Given records →
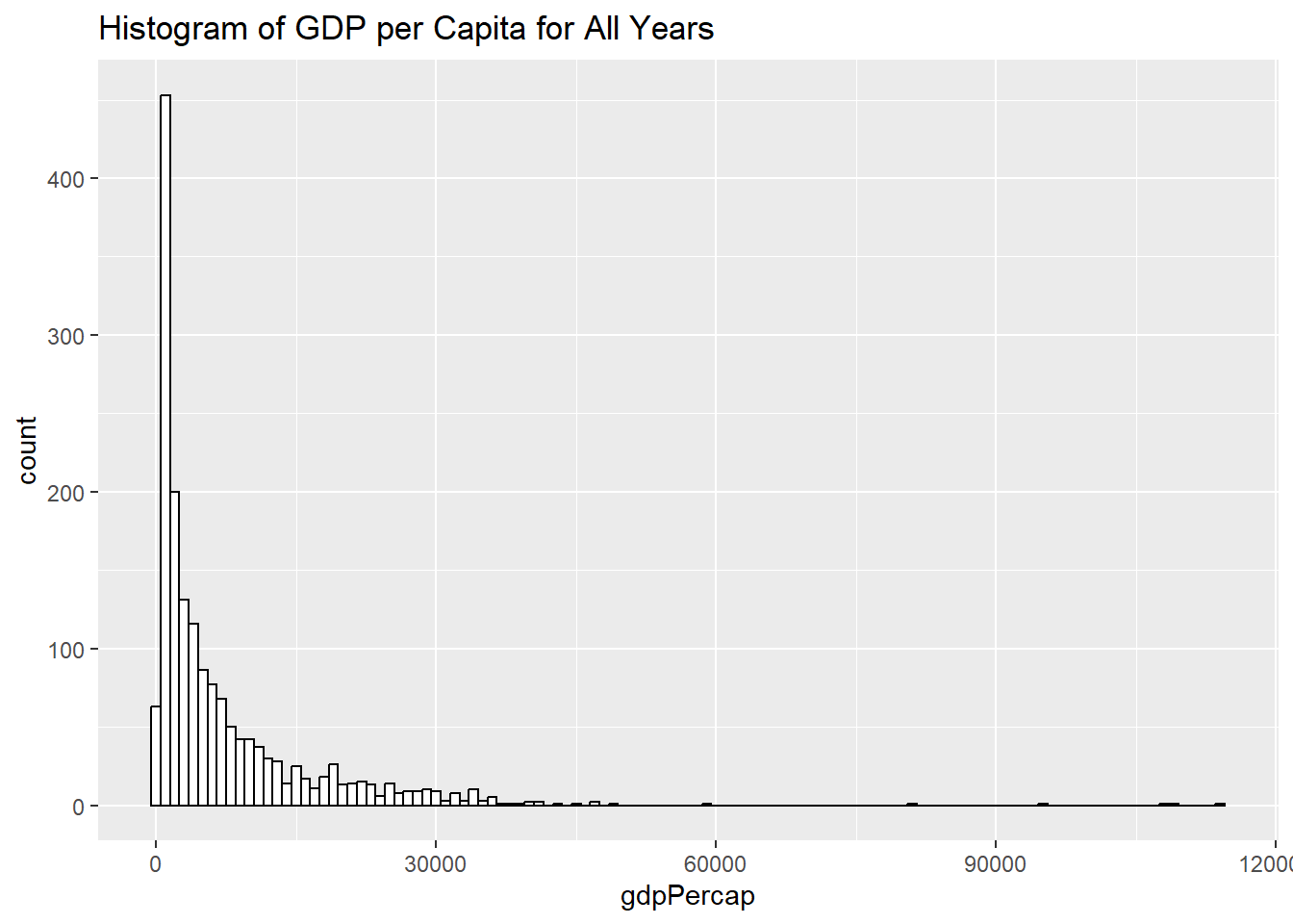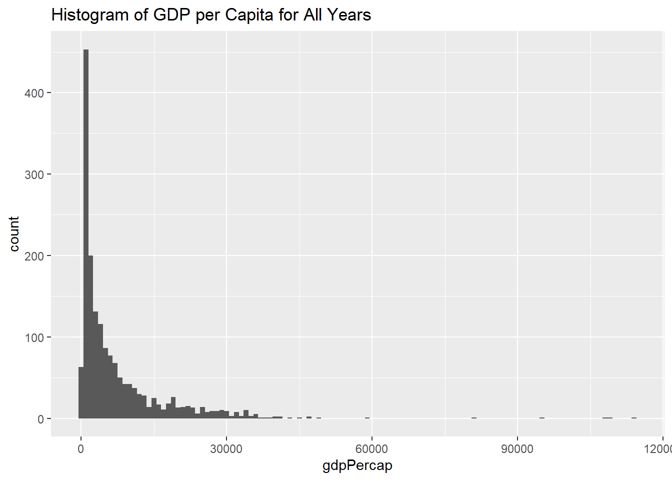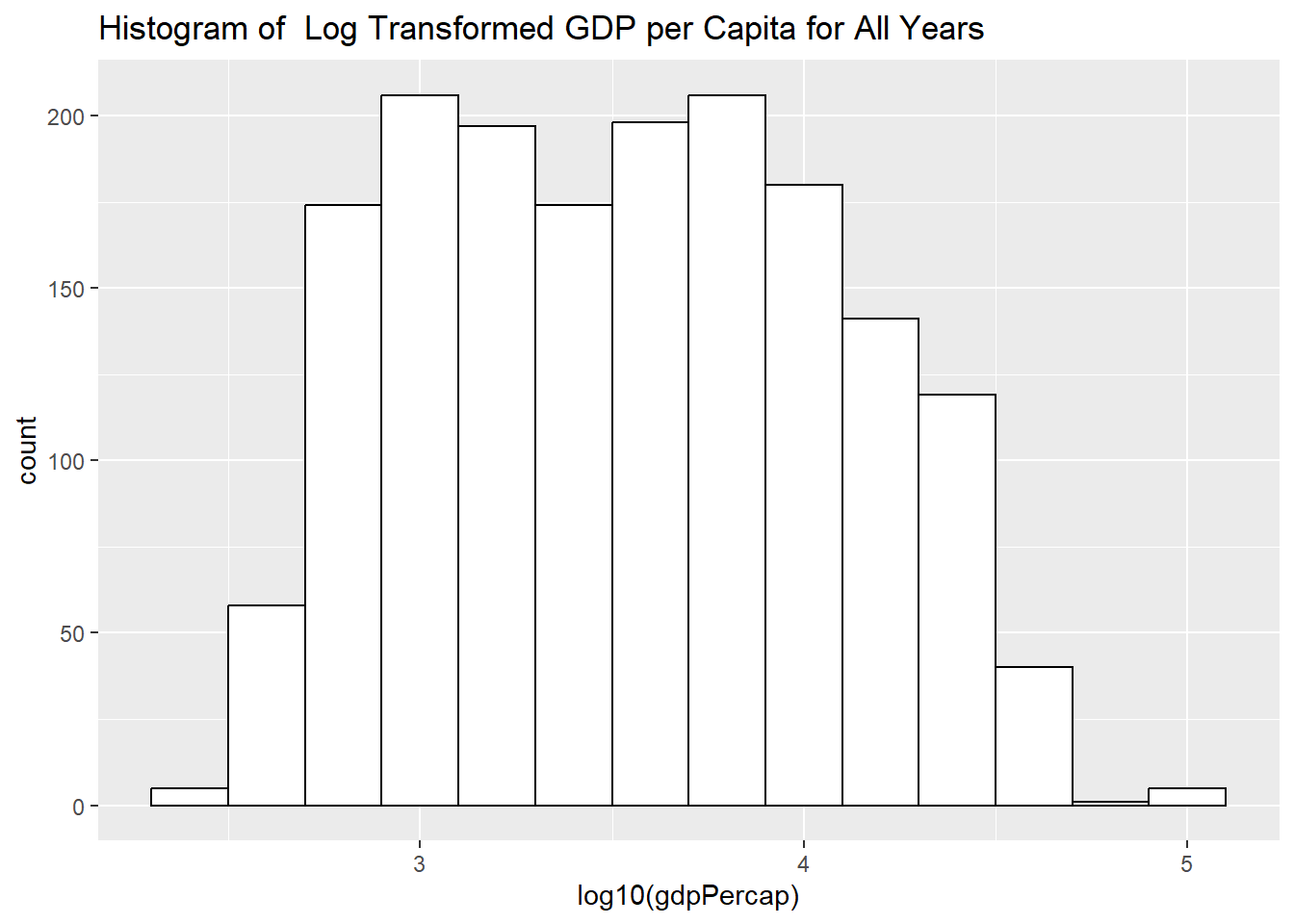 labs(title = "Histogram of Log Transformed GDP per Capita for All Years")
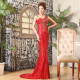 2014年新款红色鱼尾单肩修身新娘敬酒伴娘宴会晚礼服长款
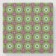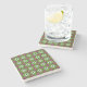 A decorative coaster featuring a symmetrical geometric pattern with blue, white, and brown hues shown from the front and back on a gray background.
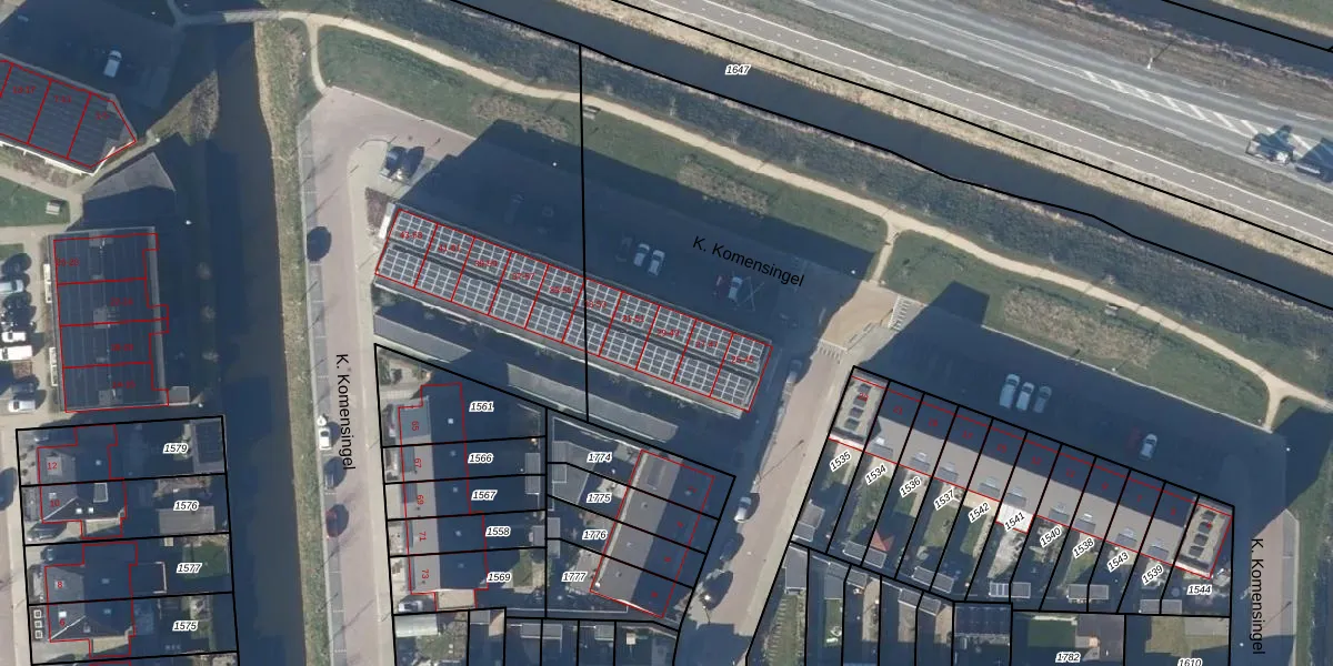 Het perceel waarop K. Komensingel 49 staat heeft een oppervlakte van 6,3 ha. Dit is een zeer groot perceel. De perceeloppervlakte wordt geregistreerd door het Kadaster. Gedetailleerde informatie over de maten van dit perceel kunt u vinden in het rapport Kadastrale kaart met maatvoering van K. Komensingel 49.
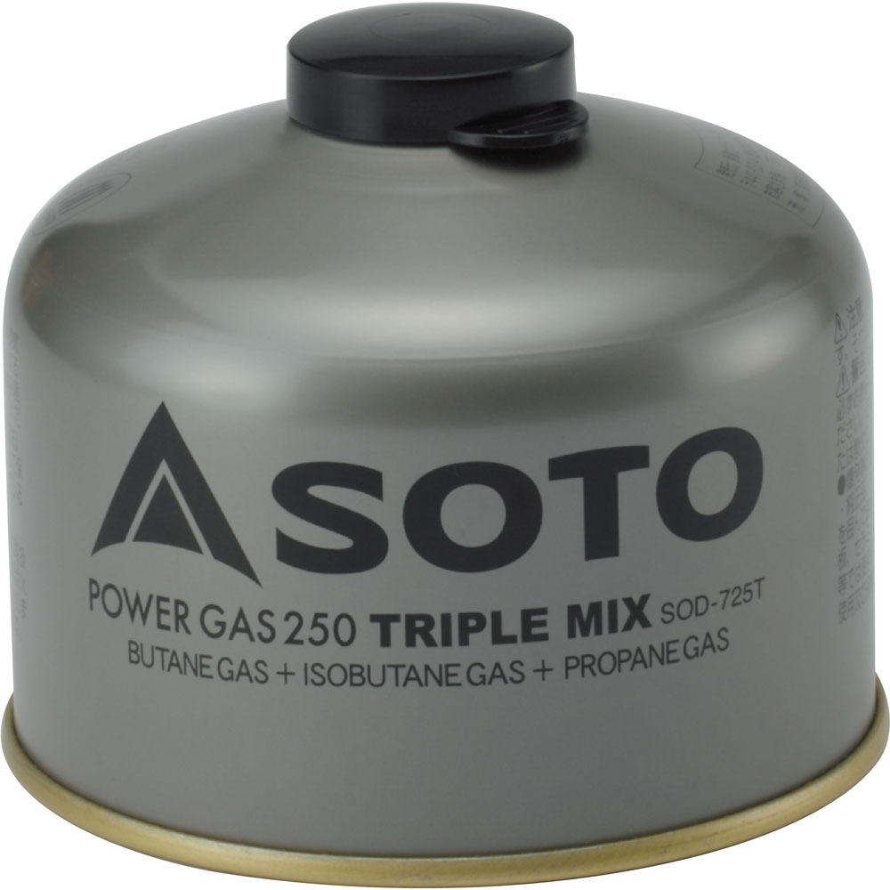 ソト SOTO パワーガス250トリプルミックス SOD-725T 燃料 ガスカートリッジ OD缶 イソブタン ノルマルブタン プロパン 登山 トレッキング キャンプ 災害対策 SOD725T アウトドア プロパン、イソブタン、ノルマルブタン配合のパワーガス。刻一刻と状況を変える自然環境にも対応するパワーガスです。SOTO製品のOD缶専用燃料器具を支えるガス燃料です。
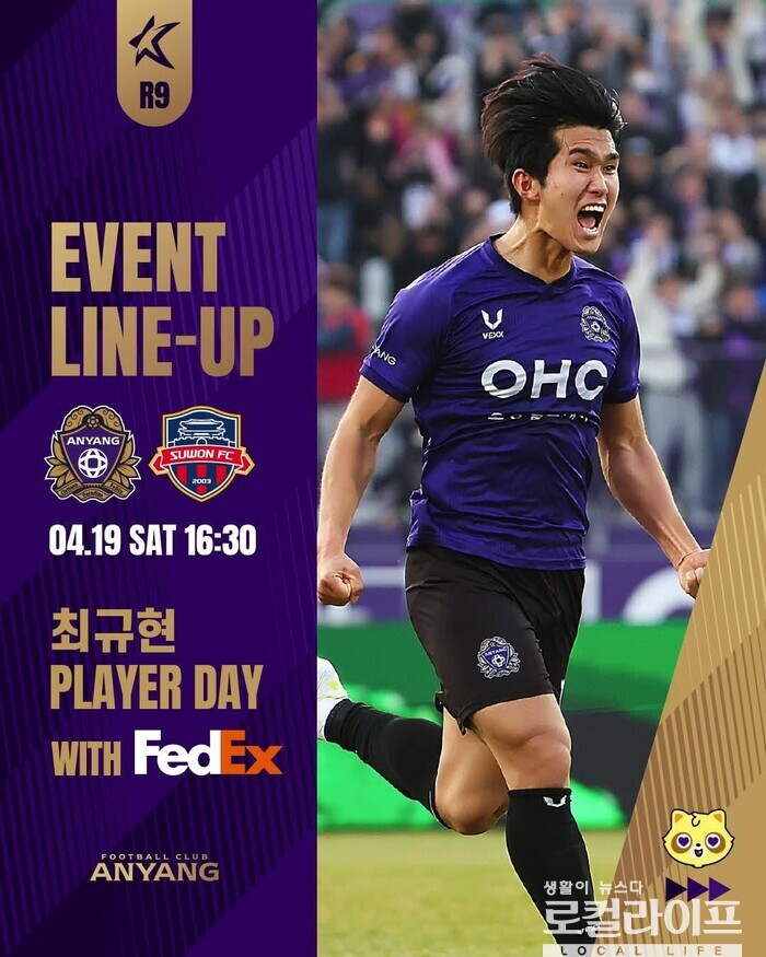 최대호 시장은 18일, 자신의 페이스북을 통해 “1호선 더비! 보라가 먼저 간다. 도시는 보라를 입는다.FC안양, 1호선 더비의 주인공이다”라고 강조했다.
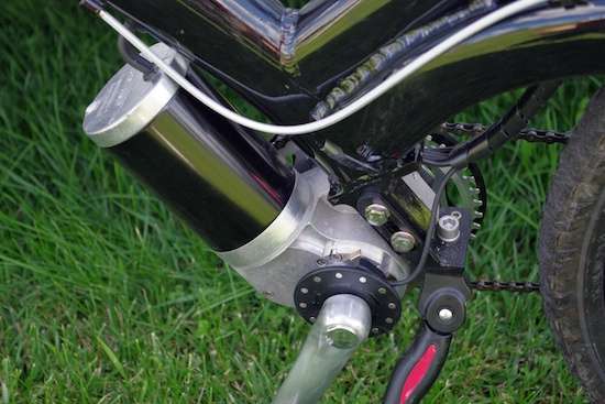 The Tonaro mid-drive is pretty compact and drives only the front sprocket (on the other side), not the pedal crank. That’s yours to rotate. Or not.

Exercise goal → The output should be the material above, copied exactly, without its pictures.

Answer box →
 labs(title = "Histogram of Log Transformed GDP per Capita for All Years")
 2014年新款红色鱼尾单肩修身新娘敬酒伴娘宴会晚礼服长款
 A decorative coaster featuring a symmetrical geometric pattern with blue, white, and brown hues shown from the front and back on a gray background.
 Het perceel waarop K. Komensingel 49 staat heeft een oppervlakte van 6,3 ha. Dit is een zeer groot perceel. De perceeloppervlakte wordt geregistreerd door het Kadaster. Gedetailleerde informatie over de maten van dit perceel kunt u vinden in het rapport Kadastrale kaart met maatvoering van K. Komensingel 49.
 ソト SOTO パワーガス250トリプルミックス SOD-725T 燃料 ガスカートリッジ OD缶 イソブタン ノルマルブタン プロパン 登山 トレッキング キャンプ 災害対策 SOD725T アウトドア プロパン、イソブタン、ノルマルブタン配合のパワーガス。刻一刻と状況を変える自然環境にも対応するパワーガスです。SOTO製品のOD缶専用燃料器具を支えるガス燃料です。
 최대호 시장은 18일, 자신의 페이스북을 통해 “1호선 더비! 보라가 먼저 간다. 도시는 보라를 입는다.FC안양, 1호선 더비의 주인공이다”라고 강조했다.
 The Tonaro mid-drive is pretty compact and drives only the front sprocket (on the other side), not the pedal crank. That’s yours to rotate. Or not.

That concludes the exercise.